§ What the exercise asks
Set down every entry word for word. Omit the pictures.

>>>

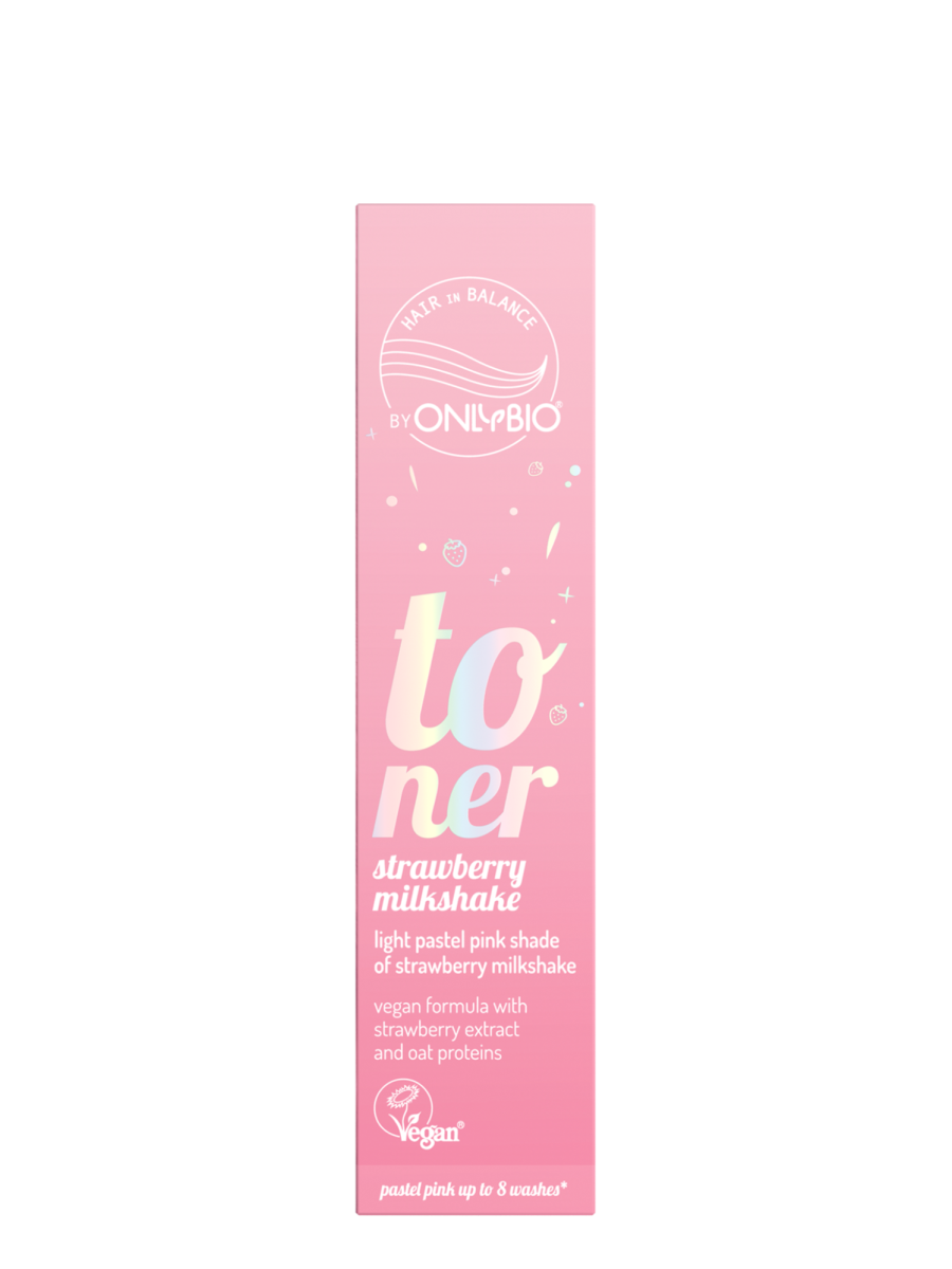 OnlyBio Hair in Balance Toner for blonde hair refreshes your color, giving hair a light pink, pastel “Strawberry Milkshake” shade.
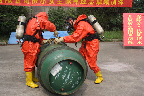 為進一步提高安全防范水平,保障夏季高峰供水,6月24日,區自來水公司根據安全生產月活動安排,在第二水廠舉行了液氯泄漏及突發性水源微污染事件應急預案演練,公司制水生產、機電維修、水質檢測等工種人員參加了演練,區域供水增壓泵站工作人員進行了全過程學習。區城建局相關部門負責人進行了現場指導,區污水處理廠和亨達水務等兄弟單位組織人員現場觀摩。
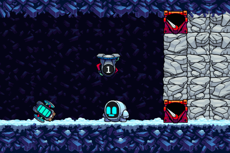 The Tempswitch is the most versatile switch we have added to the game. At its most basic usage, it simply flips for a short duration, and then flips back. For an obvious use case, you can use it to create a temporary batch of Jems that the player has to collect before the time is up.
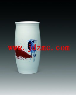 | 说明 | 傅尧笙 青花釉里红“双鹭”瓶 腹径20厘米 高39厘米 作品赏析 青花釉里红者,渊雅奥邃,博大精深,皆时人所欲得,然企求鲜活不褪者,甚为难矣。兹器平朴真淳,简古淡泊,方寸乾坤,有容乃大。釉汁莹洁匀澈,圣洁斐然。腹身简笔施绘,以青花描摹双鹭,亭亭独立,安倚碧水,芦塘寂寂,静寥无声。诚可谓“发纤秾於简古,寄至味於澹泊”,立意超迈,殊可资玩。 Fu Yaosheng A copper-red and underglazed blue ‘Herons’ vase D.20cm H.39cm Appreciation: A pair of standing herons, painted in a vibrant blue glaze, look contemplatively onto red bulrushes. The vase is made in a modern design with no discernable lip and very straight sides. RMB: 80,000-120,000 |
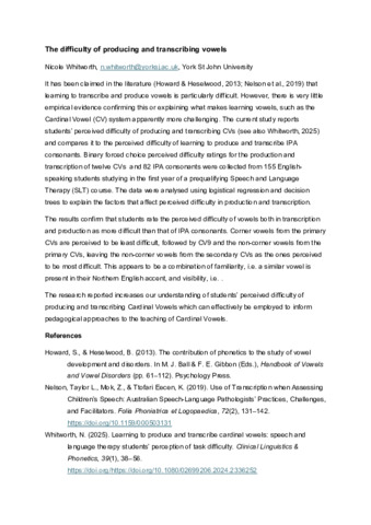 Whitworth, Nicole (2026) The difficulty of producing and transcribing vowels. In: Colloquium of the British Association of Academic Phoneticians 2026, 8 -10 April 2026, Warwick University. (Unpublished)
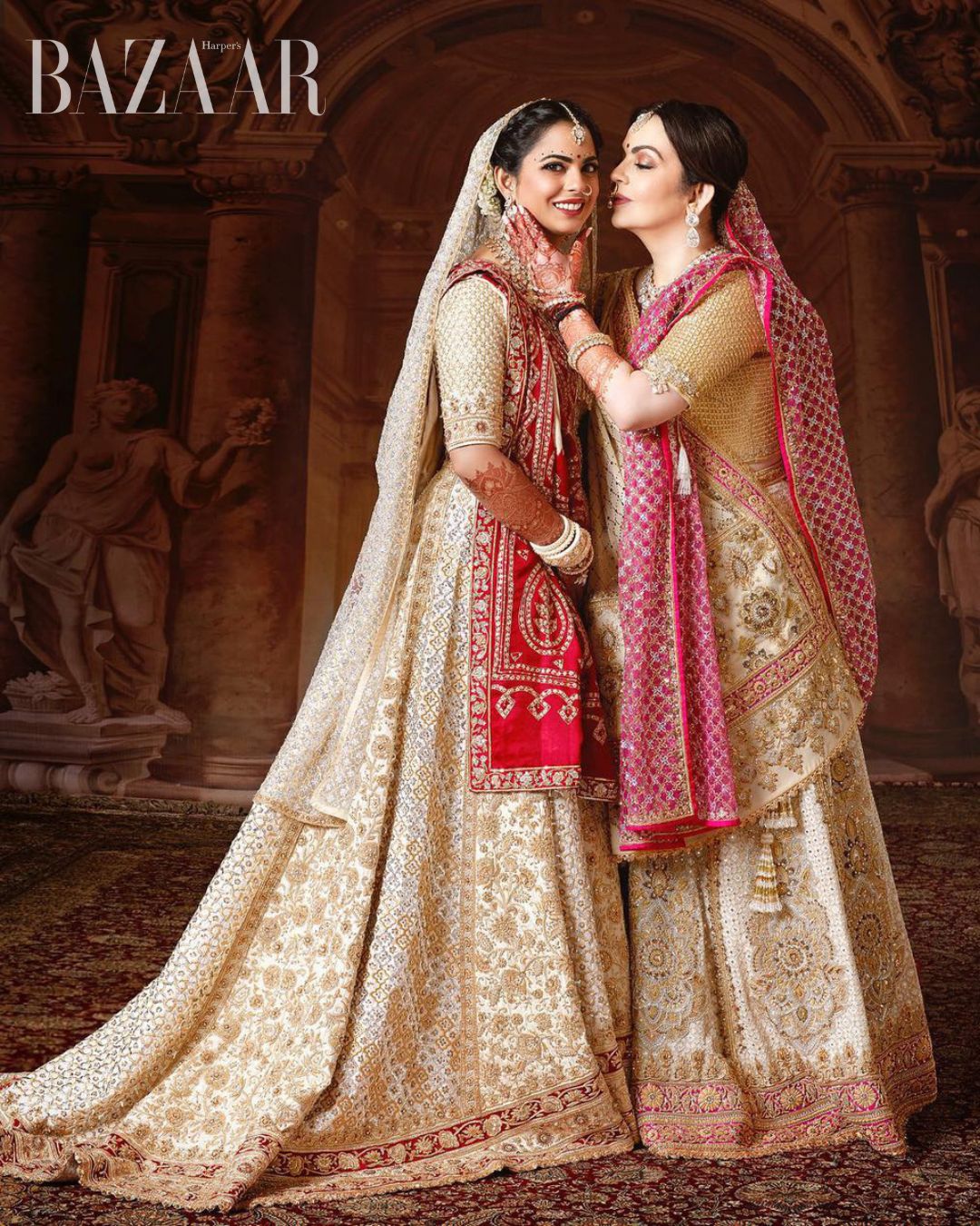 Isha nhiều lần diện trang sức, trang phục từ mẹ. Hình trên chụp trong ngày cưới của Isha, khi cô diện chiếc saree của mẹ. Ảnh: India Today

<<<

§ Output of the task
 OnlyBio Hair in Balance Toner for blonde hair refreshes your color, giving hair a light pink, pastel “Strawberry Milkshake” shade.
 為進一步提高安全防范水平,保障夏季高峰供水,6月24日,區自來水公司根據安全生產月活動安排,在第二水廠舉行了液氯泄漏及突發性水源微污染事件應急預案演練,公司制水生產、機電維修、水質檢測等工種人員參加了演練,區域供水增壓泵站工作人員進行了全過程學習。區城建局相關部門負責人進行了現場指導,區污水處理廠和亨達水務等兄弟單位組織人員現場觀摩。
 The Tempswitch is the most versatile switch we have added to the game. At its most basic usage, it simply flips for a short duration, and then flips back. For an obvious use case, you can use it to create a temporary batch of Jems that the player has to collect before the time is up.
 | 说明 | 傅尧笙 青花釉里红“双鹭”瓶 腹径20厘米 高39厘米 作品赏析 青花釉里红者,渊雅奥邃,博大精深,皆时人所欲得,然企求鲜活不褪者,甚为难矣。兹器平朴真淳,简古淡泊,方寸乾坤,有容乃大。釉汁莹洁匀澈,圣洁斐然。腹身简笔施绘,以青花描摹双鹭,亭亭独立,安倚碧水,芦塘寂寂,静寥无声。诚可谓“发纤秾於简古,寄至味於澹泊”,立意超迈,殊可资玩。 Fu Yaosheng A copper-red and underglazed blue ‘Herons’ vase D.20cm H.39cm Appreciation: A pair of standing herons, painted in a vibrant blue glaze, look contemplatively onto red bulrushes. The vase is made in a modern design with no discernable lip and very straight sides. RMB: 80,000-120,000 |
 Whitworth, Nicole (2026) The difficulty of producing and transcribing vowels. In: Colloquium of the British Association of Academic Phoneticians 2026, 8 -10 April 2026, Warwick University. (Unpublished)
 Isha nhiều lần diện trang sức, trang phục từ mẹ. Hình trên chụp trong ngày cưới của Isha, khi cô diện chiếc saree của mẹ. Ảnh: India Today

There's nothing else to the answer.